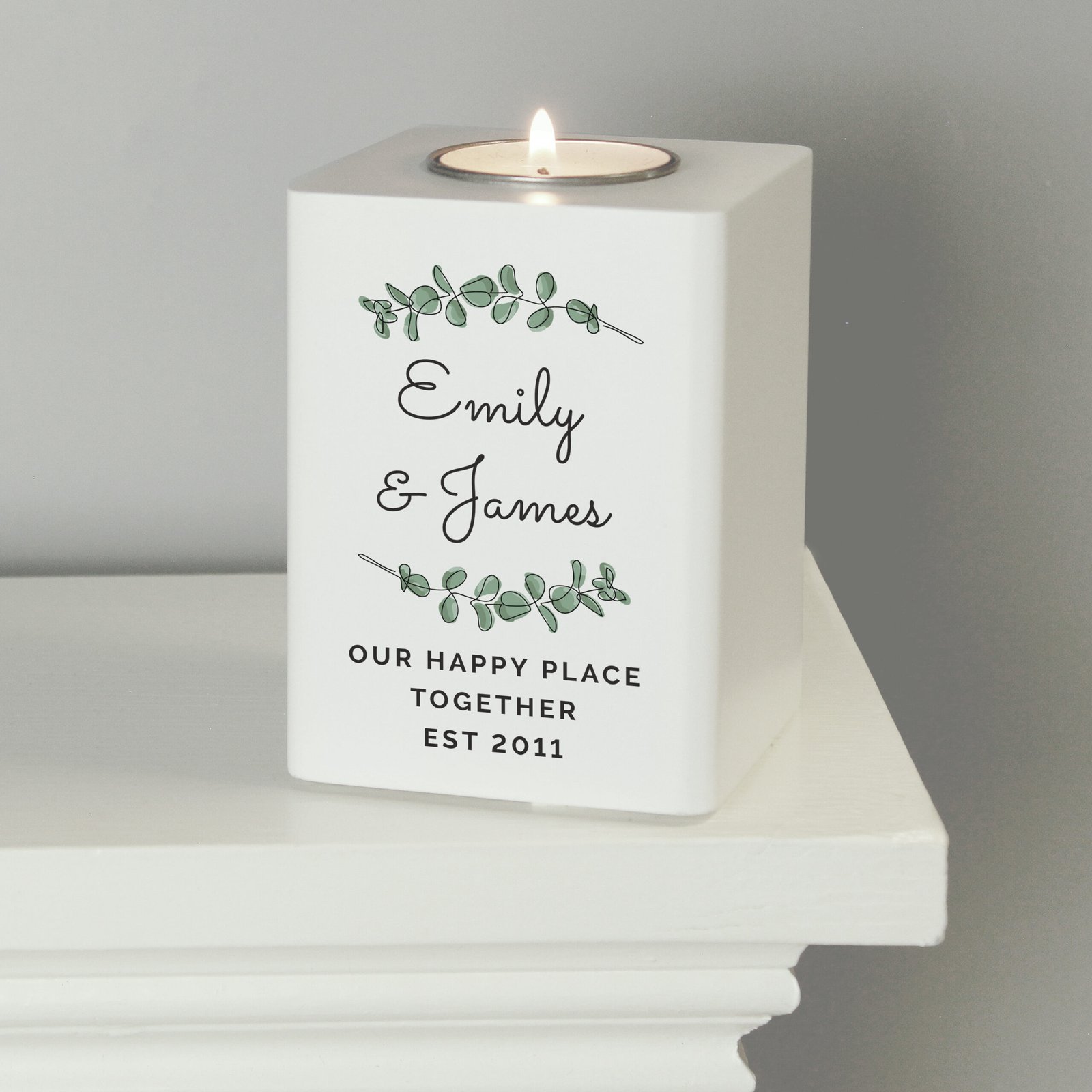 Personalised Botanical Design White Wooden Tea Light Candle Holder
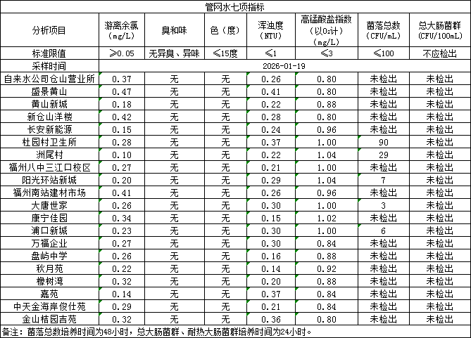 2026年1月19日管网水日常检测
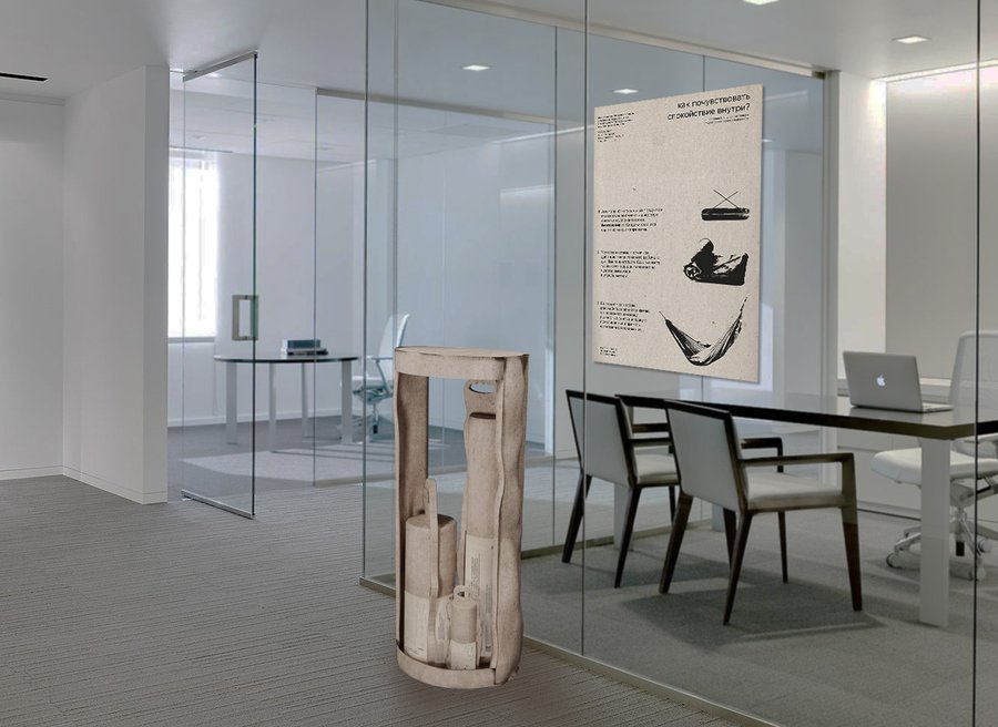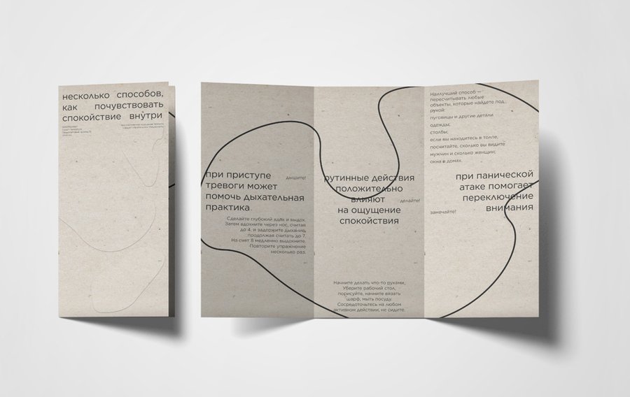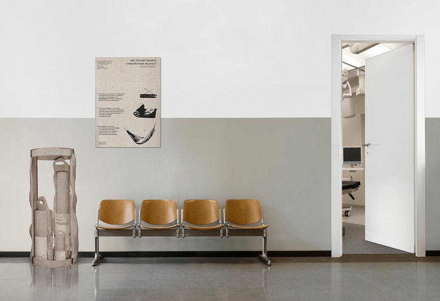 Advertising materials and POS-materials are located in places where people are most likely to experience stress: in the office, in the hospital waiting room. As a POS-material, a special packaging has been designed that contains all three products of the brand «vnutry».
•••••
What you are asked to do
What should appear is an exact reproduction of the lines from the one with "2026年1月19日管网水日常检测" through the end of the material above, and no pictures.

Written answer
 2026年1月19日管网水日常检测
 Advertising materials and POS-materials are located in places where people are most likely to experience stress: in the office, in the hospital waiting room. As a POS-material, a special packaging has been designed that contains all three products of the brand «vnutry».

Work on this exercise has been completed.